In Racists have never seen the sea, Rodney Saint-Éloi and Yara El-Ghadban refuse miracle solutions, but offer several remedies. In this river-book, which is in the epistolary genre, the initiatory narrative, literary criticism, historical commentary and political pamphlet, Rodney Saint-Éloi and Yara El-Ghadban draw up an exhaustive portrait of the manifestations of racism. However, they take care to preserve a space for dreams and for a certain art of living, considered here as intimate ramparts against the attacks suffered on a daily basis.
Starting from the idea of a glossary – or rather of an anti-glossary – where each word would be turned over to show the reverse, the authors weave with four hands stories which hollow out the meaning of universal words like “sea” , “Border” and “passage”, but also words frequently pronounced in recent years, such as “ally” and “diversity”. “We invent a word to find a solution, without considering that it is perhaps fear that is the problem, and not diversity,” writes Yara El-Ghadban.
Through the words and the stories they discuss, the unspoken systems that breed violence emerge: on the basis of names (“ […] names in “ius” [comme Exélius] do not pass in the company, that makes too peasant ”), by the legal denial of the existence of a territory (“ I do not see Palestine in the list of countries.
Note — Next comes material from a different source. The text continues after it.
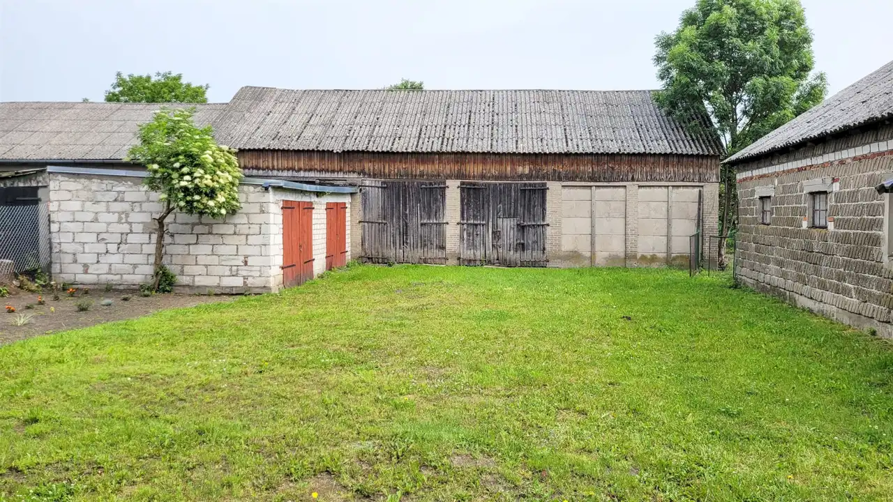 Wokół budynku sporo zieleni. Ogródek przed domem, a za budynkami piękna duża działka z miejscem do wypoczynku na świeżym powietrzu, idealny dla osób chcących odpocząć od zgiełku miasta lub pod uprawę roślin. Teren ogrodzony z wygodną bramą wjazdową z pozwolenie na wjazd dla ciężarówek, z dużym garażem na 2 auta; budynki gospodarcze w dobrym stanie do adaptacji pod działalność. Możliwość zaadoptowania poddasza bud. mieszkalnego pod pokoje. Jeden z budynków gospodarczych można stosunkowo łatwo zaadoptować na mieszkalny. Gminna kanalizacja +dodatkowe własne szambo.

You mean Israel? ”), or by the denigration of certain accents, certain bodies, etc. Invisible systems since those who escape this violence sometimes struggle to recognize them.
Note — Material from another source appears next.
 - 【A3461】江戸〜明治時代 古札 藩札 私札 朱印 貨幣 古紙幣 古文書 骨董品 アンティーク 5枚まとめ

Hence the need to tell. Telling against official silence, but also because the stories are woven from dreams. Literature is the tool of dreams, the first stone of its realization in reality. Thus, the words of Aimé Césaire, Mahmoud Darwich, Toni Morrison, Gaston Miron and Thousand and one Night circulate in the book like so many portents of a world where we will live better.
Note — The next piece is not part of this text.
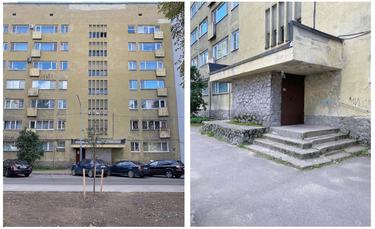 Когда я останавливалась у этого дома, была уверена, что это финский функционализм 1930-х годов. Потом уже, фотографируя и рассматривая детали, у меня появлялось все больше сомнений. Мне нравится подмечать детали в подобных неоднозначных строениях, поэтому я устроила опрос, что мешает подписчикам отнести этот дом к постройкам 1930-х годов. На первом месте по количеству ответов оказались длинные окна квартир. Смущали «французские» балконы, этажность, пропорции дома, похожие на типовые советские проекты. Кто-то писал, что окна лестничных клеток - архитектура брутализма (класс!) Другие заметили типичную советскую отделку камнем (внешний вид именно этой) и два входа: в парадную и для мусоропровода. Мусоропроводы были в домах 1930-х, но, действительно, выглядели они не так и никакой двери на первом этаже не могло быть. А вот этажность и окна меня не особо смутили. Например, в доме страховой компании «Карьяла», построенном в 1939 году целых 10 этажей и тоже довольно вытянутые окна, хотя в

Although they have chosen to write this book together, the authors do not speak with the same voice. For example, for Rodney Saint-Éloi, a Creole speaker, the French language learned at school is associated with the early harnessing of expression, with the sweeping under the carpet of the world of sensations associated with childhood.
In contrast, for Yara El-Ghadban, who first learned Arabic and English, French symbolizes the emancipation of the inheritance received, the opportunity to be born to herself by means that ‘she chose. “21% of Montrealers juggle three languages. The tension between English and French misses a more complex reality and invites us to consider other issues […]. Can we consider other relationships to language than identity? She writes.
After reading, has racism been given a clear definition, sending us back to sleep soundly? As a remedy, the authors recommend instead to fully embrace “[…]the dizziness that seizes [soi] assoon as [l’on] take a step towards the other ”. So can we put aside the assigned roles and ready-made ideas.